The stories are diverse in which particular flavor of weirdness they emphasize.  Some contain elements that wouldn’t be out of place in a science fiction story, like the narrator’s cybernetic arm in Sarah Pinsker’s “A Stretch of Highway Two Lanes Wide.”  Others draw on old folktales or urban legends: the kappa of Japanese folklore in Isabel Yap’s “A Cup of Salt Tears”, stories of changelings in Karen Joy Fowler’s “Nanny Anne and the Christmas Story”, and so on. One of my favorite pieces in the anthology was Carmen Maria Machado’s “The Husband Stitch,” which expands upon the old story of a girl who wears a green ribbon around her neck. I read “The Green Ribbon” in In a Dark, Dark Room and Other Scary Stories when I was in elementary school, so there was a pleasant tingle of nostalgia in reading a story inspired by it. Machado’s take, of course, gives us a much more complex and adult story, and I loved that it was told from the point of view of the girl who wears the ribbon.

This anthology also casts a wide net in terms of the times and places represented in the stories. Kima Jones’s “Nine” focuses on a part of history I know little about: the Great Migration of 6 million African-Americans from the South to the Northeast and (Mid)west in the early-mid 20th century. Usman T. Malik’s “Resurrection Points” takes us to modern-day Pakistan, and the tension between Christians and Muslims there is a driving force for the story. One of the things I really enjoyed about the VandeMeers’ anthology was that it presented a selection of stories from all over the world. The fact that this collection has a similar breadth, despite being limited to fiction published in a single year, really impressed me.
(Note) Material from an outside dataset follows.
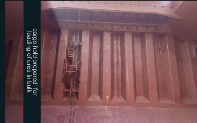
cargo hold prepared for loading of urea in bulk

There were a couple of pieces that didn’t resonate with me, but that’s a matter of personal taste. Charles Wilkinson’s “Hidden in the Alphabet” and Jean Muno’s “The Ghoul” tend more toward surrealism than I usually enjoy. However, in an anthology dedicated to surveying the year’s catalogue of weird fiction, I recognize the value in not overlooking any particular sub-genre. Overall, the diversity of plot, characters, setting, and style represented by this anthology means that there’s something here for everyone.